Posted by Brian Bundridge | September 25, 2008 12:54 PM
32

@17: Way to paint with an absurdly broad brush. Already thousands of people ride buses from the suburbs (and guess what -- many are African American, Asian, Hispanic...). Sure, there are rich people in the suburbs who will never take mass transit (like many people in Broadmoor, Magnolia, etc.), but your entire post is ridiculous.

Posted by rjh | September 25, 2008 12:59 PM
33

@5: Dare I point out those roads bring almost every good and service you use into this community?

People don't bike organic produce to Rainier Valley and Capital Hill.

Having said that, the 7 f-cking sucks and we need to do something about it.

Posted by Dawgson | September 25, 2008 3:35 PM
34

@17: It's not people of color that freak me out, it's the junkies and other unsavory, unstable characters who crowd in downtown -- I've seen so much bad behavior I can understand why people would want to avoid mass transit.

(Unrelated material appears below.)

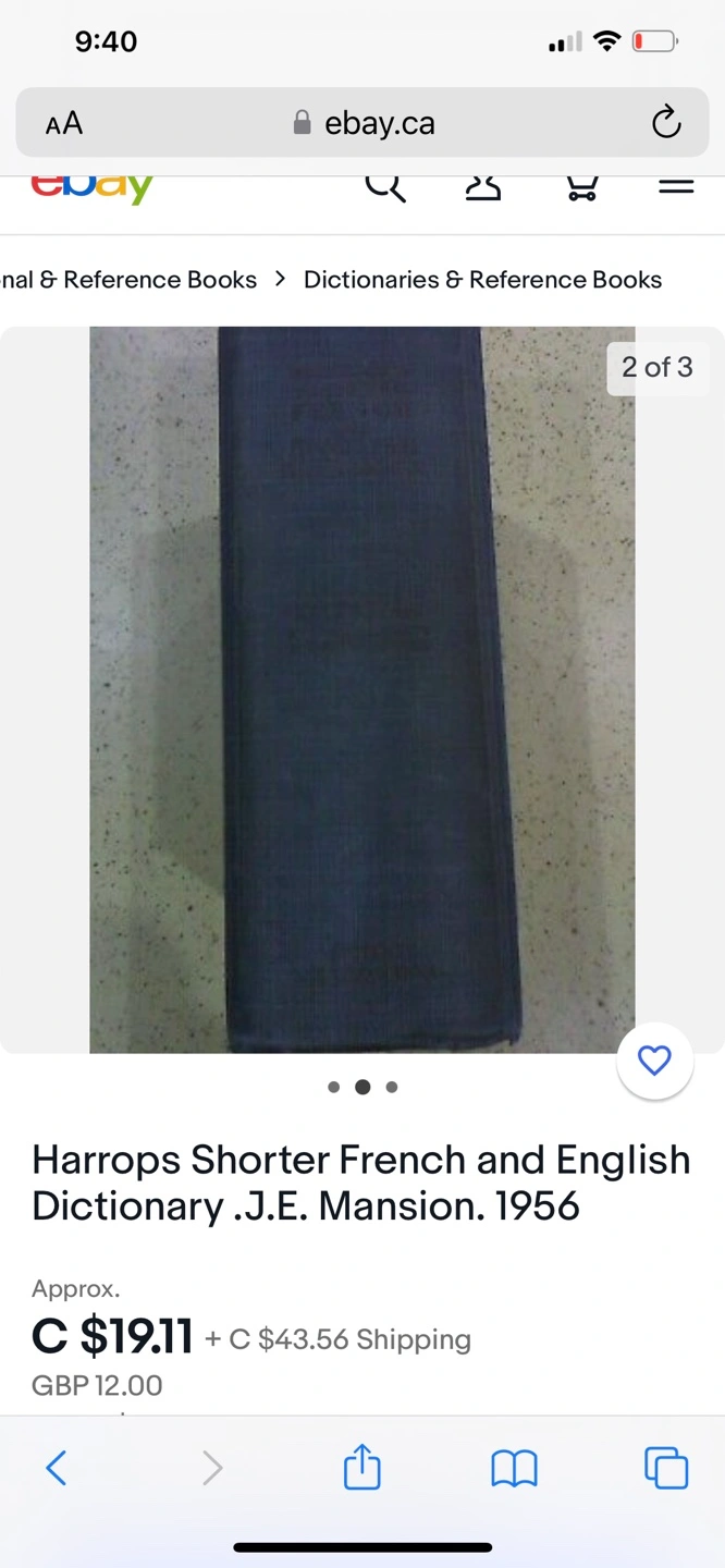 Vintage Harrap's Shorter French and English Dictionary by J.E. Mansion. Part two, English-French. 1956 edition. Hardback.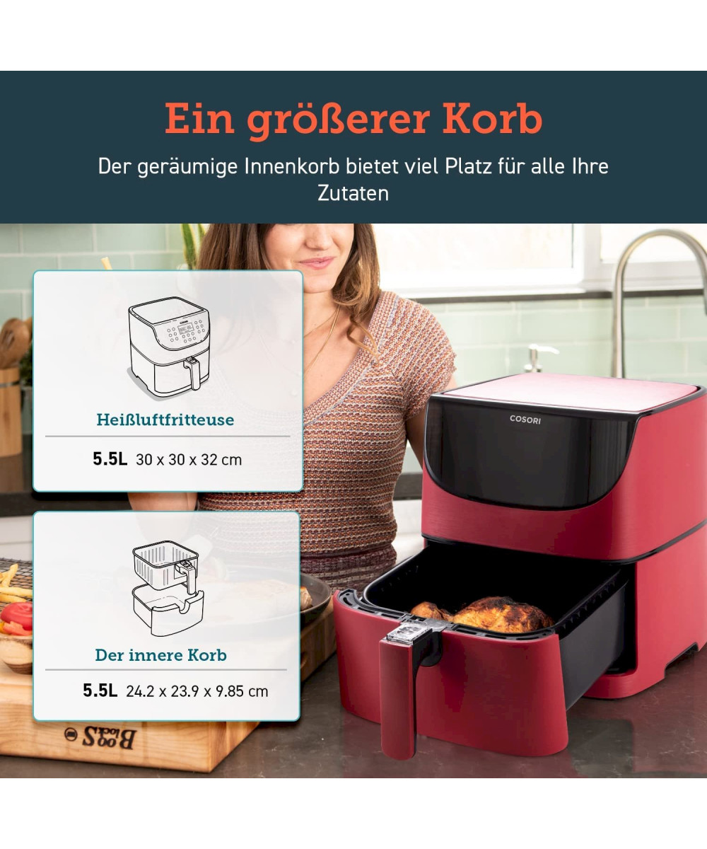 COSORI Premium XXL Heißluftfritteuse 5,5 Liter rot

Posted by Dawgson | September 25, 2008 3:40 PM
35

@32
My post was mostly an open ended question, to see how many others with major time on public transit have noticed the same racial bifurcation that I have. Like white women getting up and moving to a different seat when a perfectly respectable black man sits down next to her(#28), drivers just leaving non-whites at bus stops(#101), or people standing at the front of the bus when there are several open seats in the back (which just happen to be next to non-whites)(#15).

When I hear claims that more transit will lead to fewer cars on the road, I wonder just how many people will never use it. Not because it doesn't go where they want, or that it is slower, but because they are afraid of the "others" that may be there.

It's more about "What is the peak ridership level?". We're talking about reasons why people won't ride (destination & time), but I wanted to see if there may be other reasons. And again, those rich folks in Broadmoor, Magnolia, Mercer Island will probably never ride, but they also have the money & political clout to kill these kinds of projects. The next question is, "How do we co-opt them?"

I guess some demographics have changed: 10 years ago, I was riding the 152 from Auburn to Downtown, and the only black person on the route was the driver*. Don't recall seeing to many Hispanics, but that has probably changed too.

* That driver, Roosevelt, was the best driver I've ever had. When the normal route shakeup happened and he was re-assigned, the regulars got him a card and we all signed it. (Anyone seem something similar? I haven't since.) These were the folks that would probably ride regardless of the racial makeup of the passenger body. Have we maxed out that population, or are there still more waiting for routes to come to their neighborhoods?